Divergence in proteins‐ Study of Cytochrome b5 isoforms using core‐swap mutants

Abstract

Two isoforms of mammalian Cytochrome b5 exhibit remarkably different biophysical properties in spite of similar sequence and structure. The Outer mitochondrial membrane cytochrome b5 (OMb5) is presently the most stable isoform when compared to its evolutionary counterpart, the micrososmal cytochrome b5 (Mcb5).
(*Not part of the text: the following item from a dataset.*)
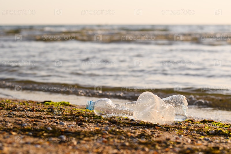 Пластиковый мусор на берегу моря во время заката. Концепция загрязнения моря бытовым мусором. Селективный фокус на бутылке
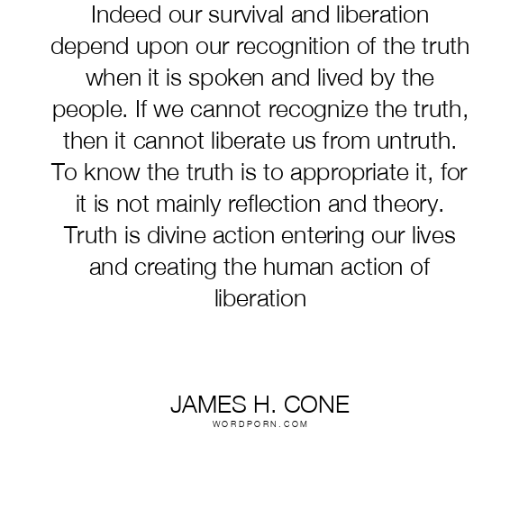 Indeed our survival and liberation depend upon our recognition of the truth when it is spoken and lived by the people. If we cannot recognize the truth, then it cannot liberate us from untruth. To know the truth is to appropriate it, for it is not mainly reflection and theory. Truth is divine action entering our lives and creating the human action of liberation

In order to understand the biophysical properties of the individual proteins, we have constructed a core swap mutant (hybb5) incorporating features from these two isoforms. The X‐ ray crystal structure, at 1.7 Å, of hybb5 has been solved and shows structural features similar to its parent proteins. The thermal stability, stability towards chaotropic agents, redox potential and heme transfer properties of hybb5 seems to have shifted in the direction of OMb5. In parallel we have performed a 10 ns Molecular dynamics simulation of OMb5, Mcb5 and hybb5. The results concur with the experimental data in that hybb5 behaves with characteristics of the OMb5 sub family. Circular Dichroism experiments of the heme free proteins (apo‐form) indicated the presence of tertiary structure. We are at present trying to further understand the apo form of hybb5 and linking it to functional divergence of OMb5 and Mcb5. The subtle structural changes that contribute to different properties in the two isoforms are being investigated via MD simulations.